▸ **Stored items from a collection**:
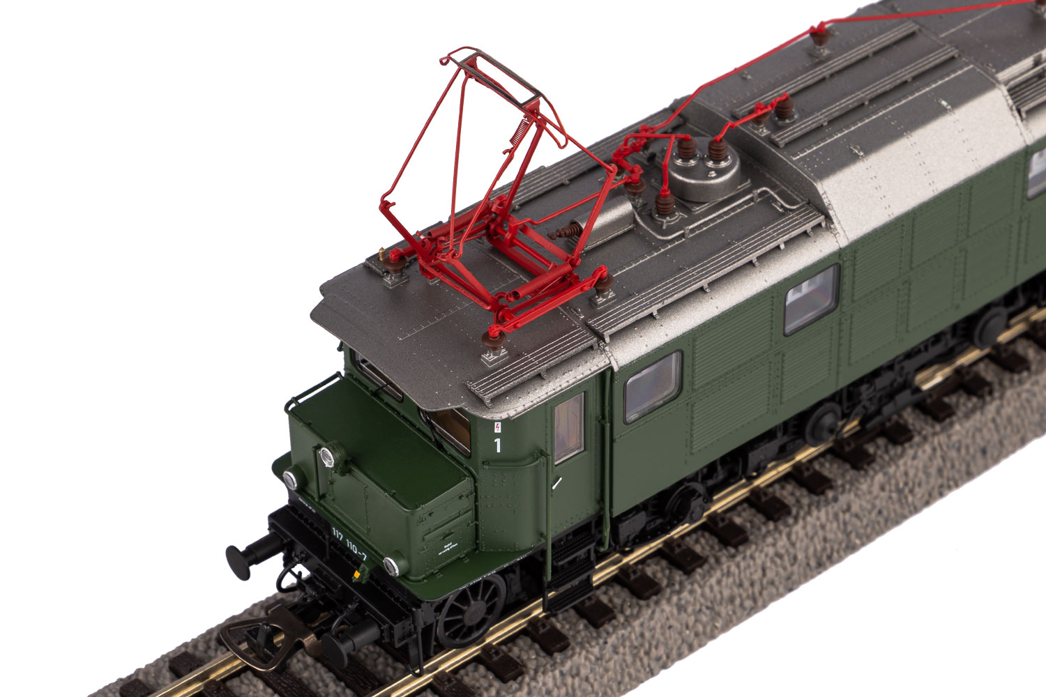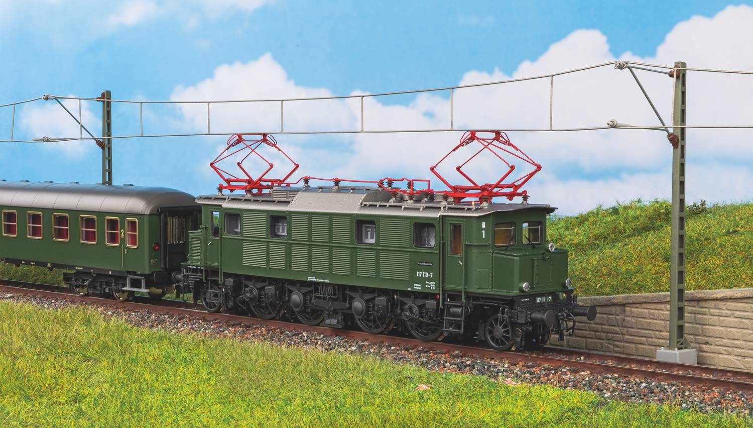 Neuheit 2023: Mit der Neukonstruktion der Baureihe E 17 setzt PIKO konsequent die Serie der bekannten Altbau-Elektrolokomotiven fort. Das Modell gibt die markanten Formen des Vorbildes maßstabsgerecht wieder. Zur perfekten Wiedergabe des Betriebszustandes in Epoche IV wurden alle im Zuge der Modernisierung entstandenen Änderungen am Vorbild auch beim Modell berücksichtigt. Diese betrafen neben den Frontfenstern auch den Dachleitungsverlauf und die Vorbaugestaltung. Technisch ist das neue PIKO-Modell am Puls der Zeit und verfügt über seidenweiche Fahreigenschaften, gute Zugkraft und serienmäßig eingebauten Lichtwechsel. Dieser ist wie die Beleuchtungen in Führerstand und Maschinenraum in modernster LED-Technik ausgeführt. Die Wechselstromversione der Lok ist ab Werk mit einem passenden Decoder ausgestattet und für die Nachrüstung mit Sound vorbereitet.
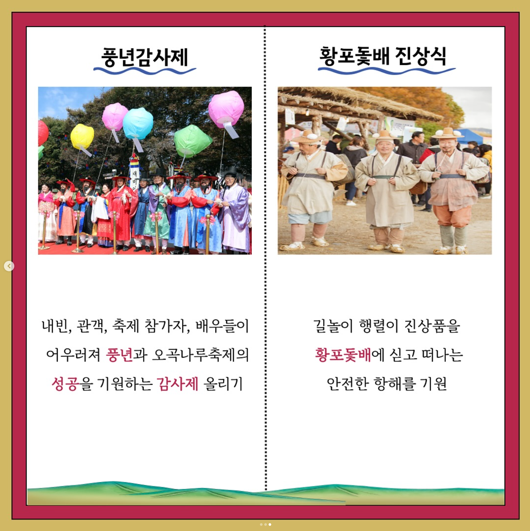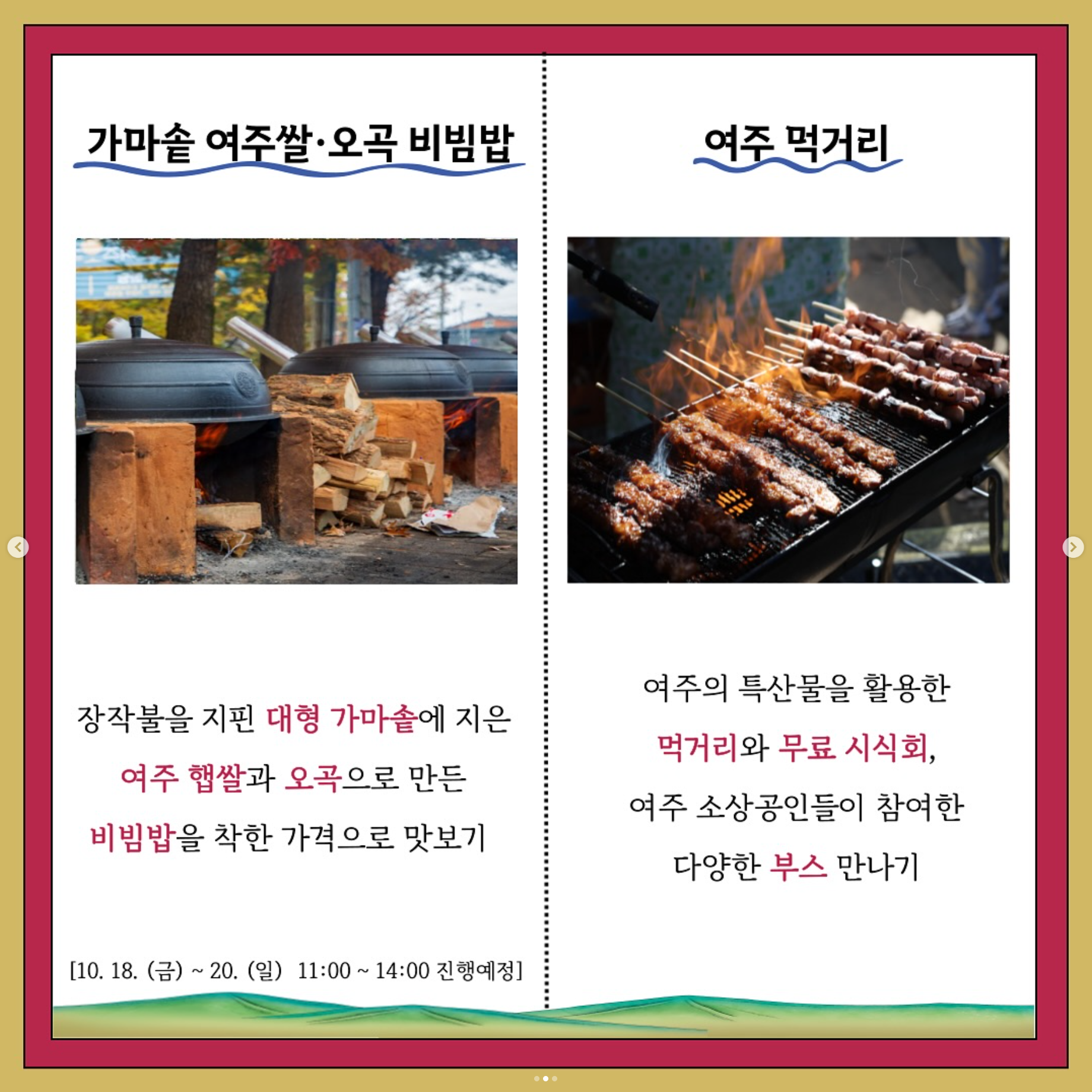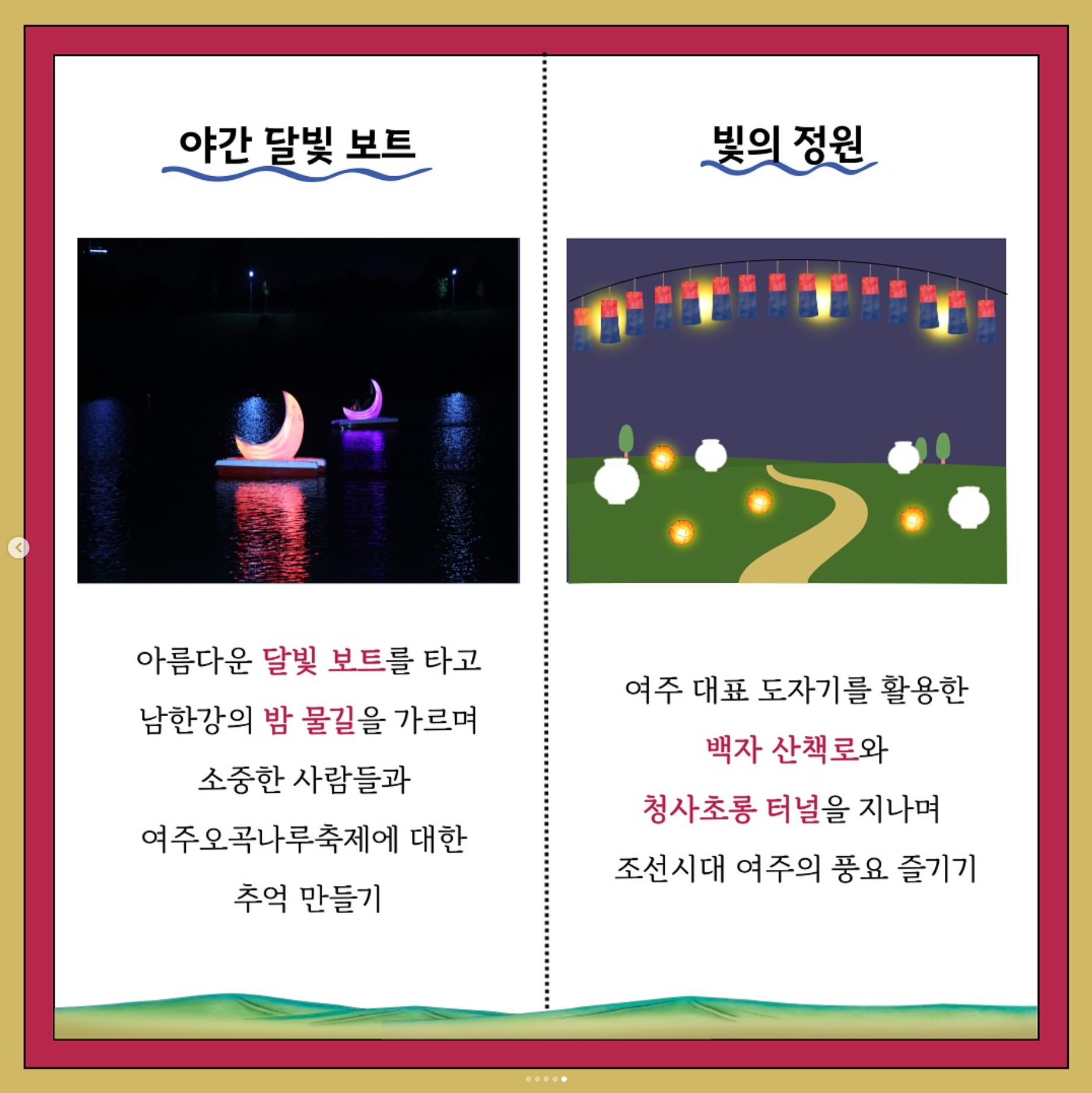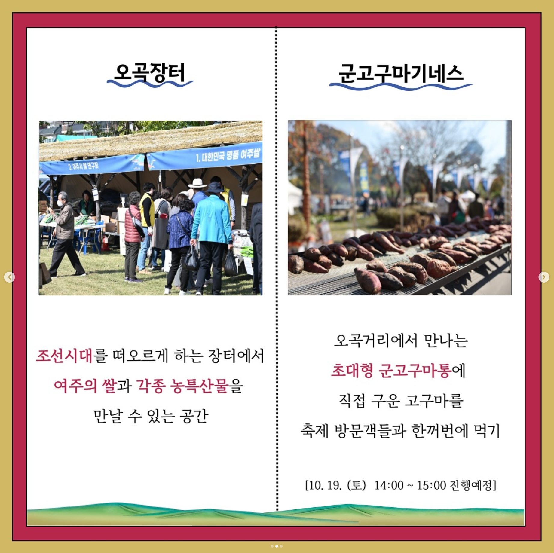올해에도 어김없이 여주 오곡나루 축제가 여러분을 기다리고 있습니다. 매년 많은 방문객들이 방문하는 선호도 높은 축제 중의 하나인데요. 아직 안 가보셨다면 축제참가 계획 세우실 수 있게 도와드리겠습니다. 저만 따라 오세요~
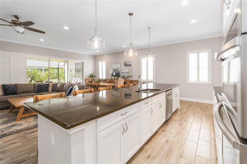 Built-in Features, Ceiling Fan(s), Eating Space In Kitchen, High Ceilings, Kitchen/Family Room Combo, Open Floorplan, Split Bedroom, Stone Counters, Thermostat, Tray Ceiling(s), Walk-In Closet(s), Window Treatments
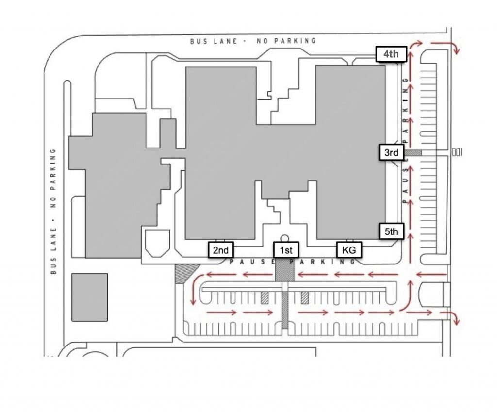 KG: D Wing Entrance (Front of School) 1st Grade: D Entrance Door (Front of School) 2nd Grade: C Wing Entrance (Gym/Cafeteria Entrance) 3rd Grade: B Wing Entrance (East Side of School) 4th Grade: B Wing Entrance (East Side of School) 5th Grade: A Wing Entrance (Front of School)
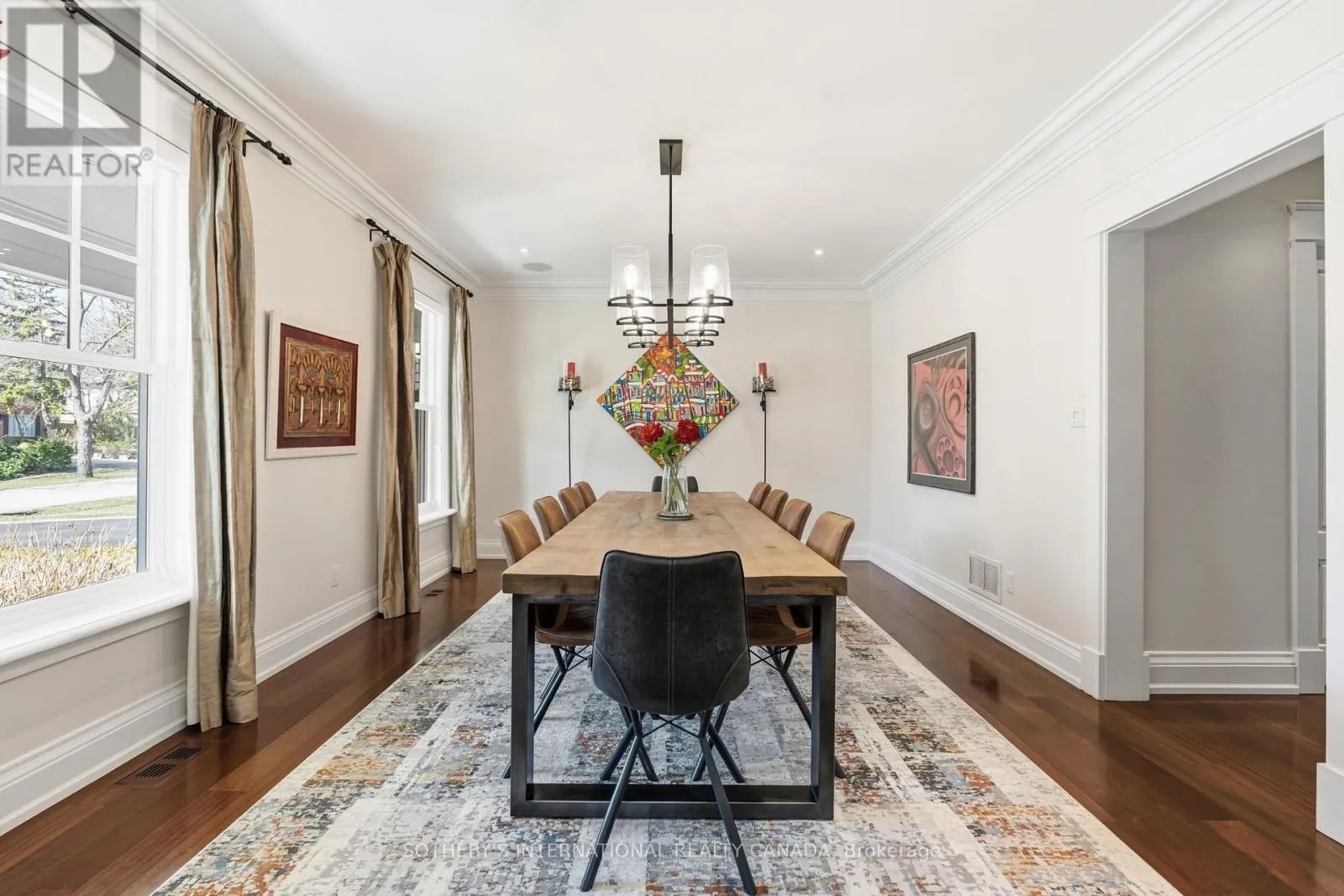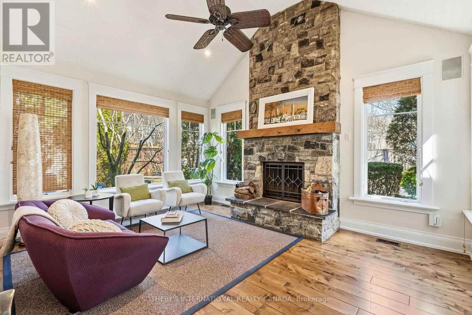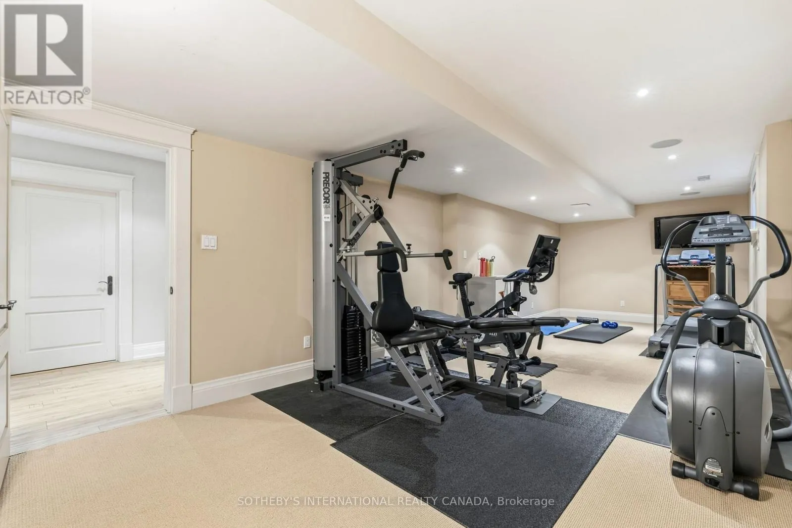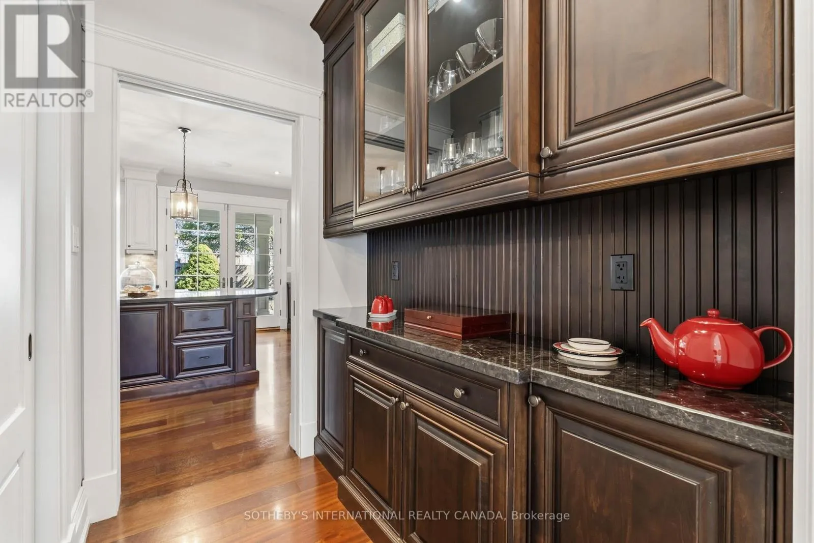 Lakeshore and Birch Hill Lane Elegant Cape Cod-inspired masterpiece set on a quiet cul-de-sac in prestigious South West Oakville. Ideally situated just steps from Lake Ontario and Appleby College, this residence offers over 6,100 sq. ft. of sophisticated living space featuring 4+1 bedrooms and 6 bathrooms. The grand two-story center-hall entrance is accented by rich Brazilian hardwood floors. The expansive chef's kitchen is complete with a large island, 6-burner Wolf stove-top, a sub zero fridge and sub-zero fridge/freezer drawers in the island. Large double doors, leading to the manicured backyard, flood the kitchen and breakfast nook with natural light. Designed for seamless entertaining, the main level features a formal dining room serviced by a butler's pantry and an inviting living room anchored by a cozy fireplace. Retreat to the serene Muskoka Room, boasting a wood-burning fireplace and tranquil views of the resort-style backyard. The main floor is completed by a side entrance, a functional laundry/craft room and a 2-piece powder room. This level has direct access to the 2 car garage with 2 EV charging stations. The upper level hosts a luxurious primary retreat with dual walk-in closets and a spa-inspired ensuite. Three additional generous bedrooms each feature private ensuites and walk-in closets. You won't want to miss the large bedroom over the garage that makes for the perfect teen retreat. The lower level is an entertainer's dream, offering a large recreation room with a pool table, a full gym, a guest suite, and a cedar-lined wine cellar. State-of-the-art mechanicals include two hot water tanks, 200 amp power for the home and a sump pump. The professionally landscaped grounds feature 14 zone irrigation system, an inground pool and multiple lounging areas, creating an outdoor oasis. The house is wired with a professional Sonos sound system. Ideally located near top-ranked schools and parks, this turnkey home offers an unparalleled lifestyle in Oakville's most coveted pocket. (id:27476)
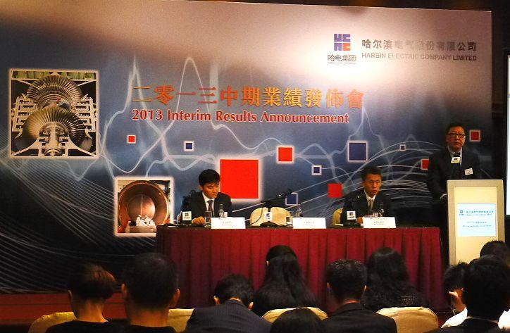 8月26日,哈电股份在香港举行2013年中期业绩发布会,哈电股份总裁吴伟章、副总裁刘智全、公司秘书高旭光出席会议。会上,吴伟章向广大投资者介绍了哈电股份2013年上半年的经营业绩及运作情况,与会哈电股份领导就投资者关心的问题一一进行了解答。
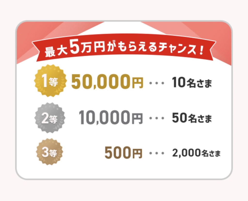 どちらも抽選なのですが、既存キャンペーンに取り組むついでに参加しておいて当選したらラッキーくらいの内容かと思います。
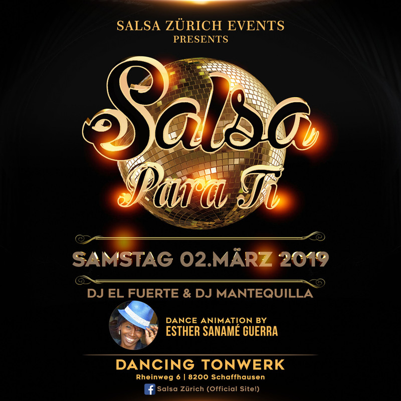 SAMSTAG 02. MÄRZ 2019 - "SALSA PARA TI" ✪✪✪ DJ EL FUERTE Ι DJ MANTEQUILLA ✪✪✪ Salseras und Salseros seid willkommen! An dieser Edition wird Ester Sanamé Guerra mit ihrer langjähriger Erfahrung als Tänzerin, den Abend mit viel Enthusiasmus animieren. DJ's: EL Fuerte & Mantequilla Salsa Party: 21:30 bis 02:30 Eintritt: nur: CHF 12.— Die neue Veranstaltung SALSA PARA TI im Dancing Tonwerk findet jeden Monat statt und zwar stets am Samstag Abend. Die Dj's EL Fuerte & Mantequilla legen diesmal die angesagten SALSA Ι TIMBA Ι BACHATA Ι KIZOMBA Musik auf. ✪ 100 m² Tanzfläche (bester Parket!) ✪ Top Latin Athmosphäre! ✪ Genügend Sitzplätze vorhanden. ✪ Nur die besten Salsa Deejas! ✪ Tolle Drinks und günstige Getränke ✪ Bushaltestelle 'Kreuz' nur 200 m entfernt ✪ 300 Parkplätze im Parkhaus Rhypark (sehr günstiger Nachttarif) ✪ Direkter Zugang vom Parkhaus ins Dancing Tonwerk Powered by «Salsa Zürich Events» Location: ➤ DANCING TONWERK, Rheinweg 6, 8200 Schaffhausen, Tel: 052 624 60 55 - https://www.tanzzentrum-sh.ch/ Google Map: https://goo.gl/maps/WE6BUWUNQ9w Parkhaus Rhypark: https://goo.gl/maps/i16Z2wwX28v Organisator: SALSA ZÜRICH EVENTS ➤SALSA ZÜRICH (OFFICIAL SITE!) https://www.facebook.com/groups/657527807618090/ https://www.facebook.com/events/1047348408806021/

▸ **YOUR GOAL**:
Between and including the line above that contains "올해에도 어김없이 여주" and the line that contains "KG: D Wing Entrance", restate every line word for word. Pictures stay out.

▸ **EXPECTED ANSWER**:
올해에도 어김없이 여주 오곡나루 축제가 여러분을 기다리고 있습니다. 매년 많은 방문객들이 방문하는 선호도 높은 축제 중의 하나인데요. 아직 안 가보셨다면 축제참가 계획 세우실 수 있게 도와드리겠습니다. 저만 따라 오세요~
 Built-in Features, Ceiling Fan(s), Eating Space In Kitchen, High Ceilings, Kitchen/Family Room Combo, Open Floorplan, Split Bedroom, Stone Counters, Thermostat, Tray Ceiling(s), Walk-In Closet(s), Window Treatments
 KG: D Wing Entrance (Front of School) 1st Grade: D Entrance Door (Front of School) 2nd Grade: C Wing Entrance (Gym/Cafeteria Entrance) 3rd Grade: B Wing Entrance (East Side of School) 4th Grade: B Wing Entrance (East Side of School) 5th Grade: A Wing Entrance (Front of School)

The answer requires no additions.